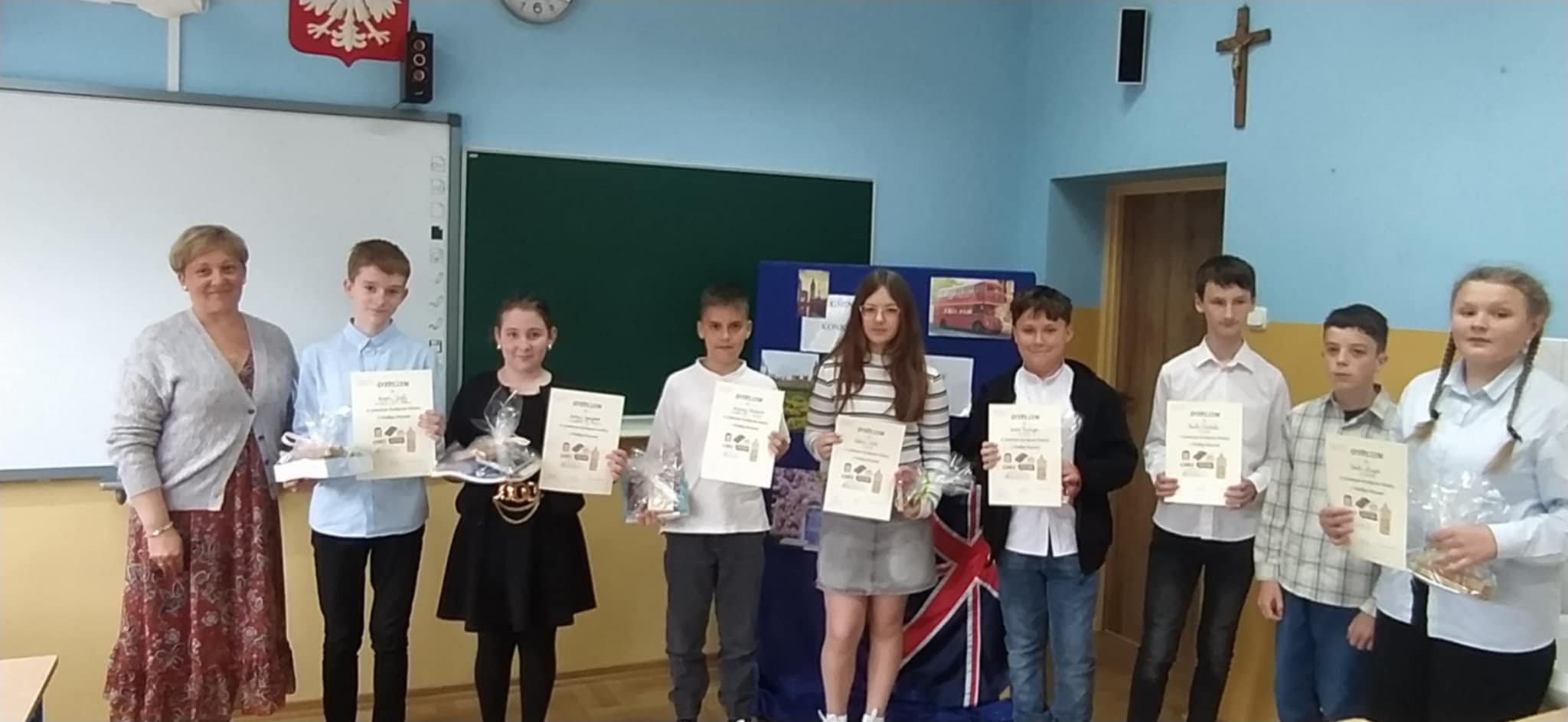 23 maja 2025 r. odbył się w naszej szkole gminny konkurs sprawdzający wiedzę uczniów na temat Wielkiej Brytanii w bardzo szerokim zakresie. Zadania dotyczyły takich zagadnień, jak: geografia kraju, ustrój polityczny, sławni ludzie czy edukacja. W konkursie wzięło udział po dwoje uczniów klas VI lub VII z Biesiadek, Lewniowej, Gosprzydowej oraz Uszwi. Każdy nauczyciel języka angielskiego z danej szkoły przygotował jedną część konkursu, opracowując pytania dotyczące wyznaczonego zakresu tematycznego. Naszą szkołę reprezentowali uczniowie klasy VI b: Martyna Grzegórzek, która zajęła drugie miejsce oraz Karol Pawełczyk, któremu zabrakło zaledwie jednego punktu do zdobycia trzeciej lokaty. Zarówno zwycięzcy, jak i uczestnicy otrzymali nagrody rzeczowe oraz pamiątkowe dyplomy. Wszystkim serdecznie gratulujemy.
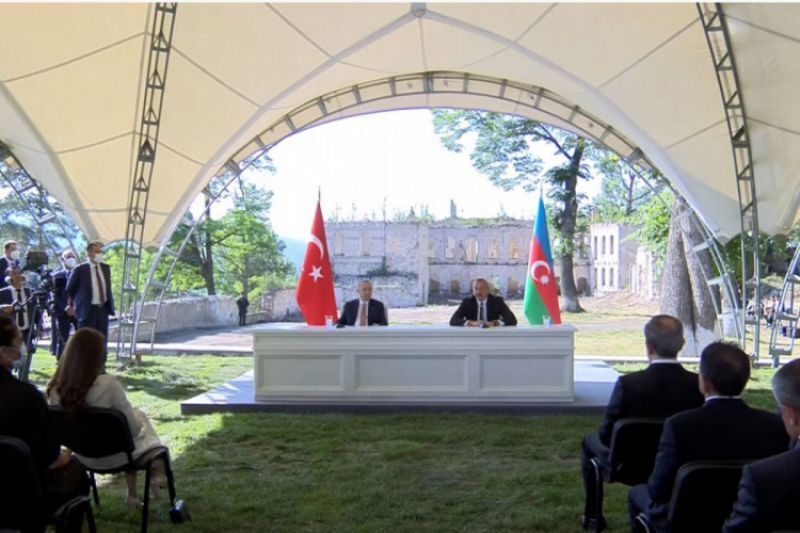 Документ подписан на фоне разрушенного армянами города Шуша. В этот город Эрдоган прибыл из Физули, который разрушен тотально, до уничтожения куриных сарайчиков. Он проехал вместе с И.Алиевым через освобожденный юг Гарабага, наблюдая человеконенавистнические проявления, которые мир не видел даже во второй мировой войне
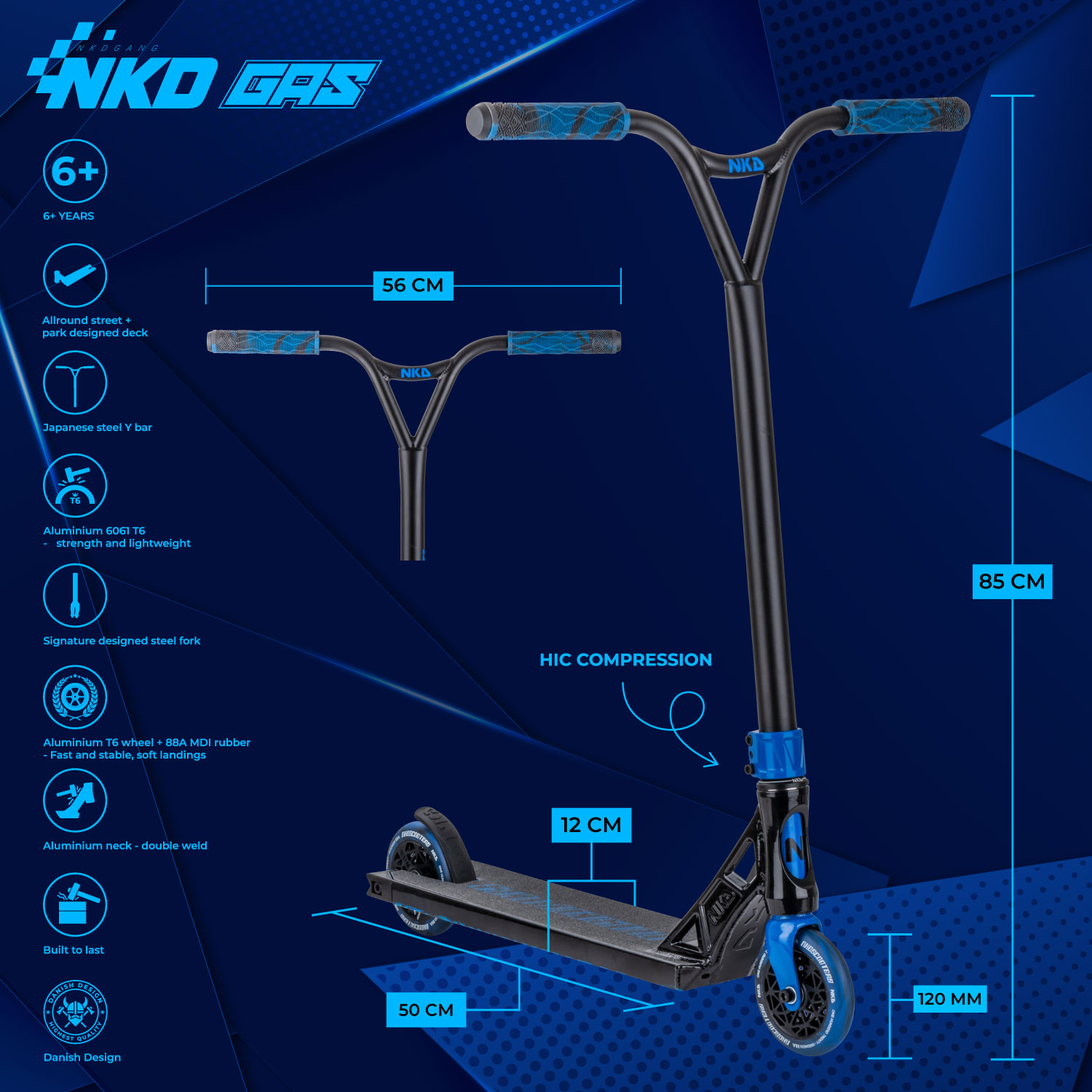 Dette komplette trick løbehjul er bygget op omkring NKD Gas decket 12cm x 50cm (4.7” x 19.7”). Med boxcut end-plugs og flotte store headtube udskæringer følger decket de seneste modetrends indenfor løbehjul. ‘Gas’ decket er den ihærdige lillebror til UFO decket fra NKD-scooters. Dette kan tydeligt ses med den nye unikke neck med æstetiske linjer og et råt look! Setuppet byder på den klassiske NKD Signature forgaffel som holdes sammen af et solidt HIC-kompressions system. Baren er en Y-bar med en tværgående forstærker. Løbehjulet er fast plantet til jorden med NKD’s nye super lette hollow core hjul med edderkoppe-lignende design (NKD™ Black Widow) - diameter 120mm for og bag. Setuppet toppes af med et solidt greb om de populære NKD Shadow grips.

============

Work to complete:
Repeat the data exactly in full, omitting its pictures.

Solution to the problem:
 23 maja 2025 r. odbył się w naszej szkole gminny konkurs sprawdzający wiedzę uczniów na temat Wielkiej Brytanii w bardzo szerokim zakresie. Zadania dotyczyły takich zagadnień, jak: geografia kraju, ustrój polityczny, sławni ludzie czy edukacja. W konkursie wzięło udział po dwoje uczniów klas VI lub VII z Biesiadek, Lewniowej, Gosprzydowej oraz Uszwi. Każdy nauczyciel języka angielskiego z danej szkoły przygotował jedną część konkursu, opracowując pytania dotyczące wyznaczonego zakresu tematycznego. Naszą szkołę reprezentowali uczniowie klasy VI b: Martyna Grzegórzek, która zajęła drugie miejsce oraz Karol Pawełczyk, któremu zabrakło zaledwie jednego punktu do zdobycia trzeciej lokaty. Zarówno zwycięzcy, jak i uczestnicy otrzymali nagrody rzeczowe oraz pamiątkowe dyplomy. Wszystkim serdecznie gratulujemy.
 Документ подписан на фоне разрушенного армянами города Шуша. В этот город Эрдоган прибыл из Физули, который разрушен тотально, до уничтожения куриных сарайчиков. Он проехал вместе с И.Алиевым через освобожденный юг Гарабага, наблюдая человеконенавистнические проявления, которые мир не видел даже во второй мировой войне
 Dette komplette trick løbehjul er bygget op omkring NKD Gas decket 12cm x 50cm (4.7” x 19.7”). Med boxcut end-plugs og flotte store headtube udskæringer følger decket de seneste modetrends indenfor løbehjul. ‘Gas’ decket er den ihærdige lillebror til UFO decket fra NKD-scooters. Dette kan tydeligt ses med den nye unikke neck med æstetiske linjer og et råt look! Setuppet byder på den klassiske NKD Signature forgaffel som holdes sammen af et solidt HIC-kompressions system. Baren er en Y-bar med en tværgående forstærker. Løbehjulet er fast plantet til jorden med NKD’s nye super lette hollow core hjul med edderkoppe-lignende design (NKD™ Black Widow) - diameter 120mm for og bag. Setuppet toppes af med et solidt greb om de populære NKD Shadow grips.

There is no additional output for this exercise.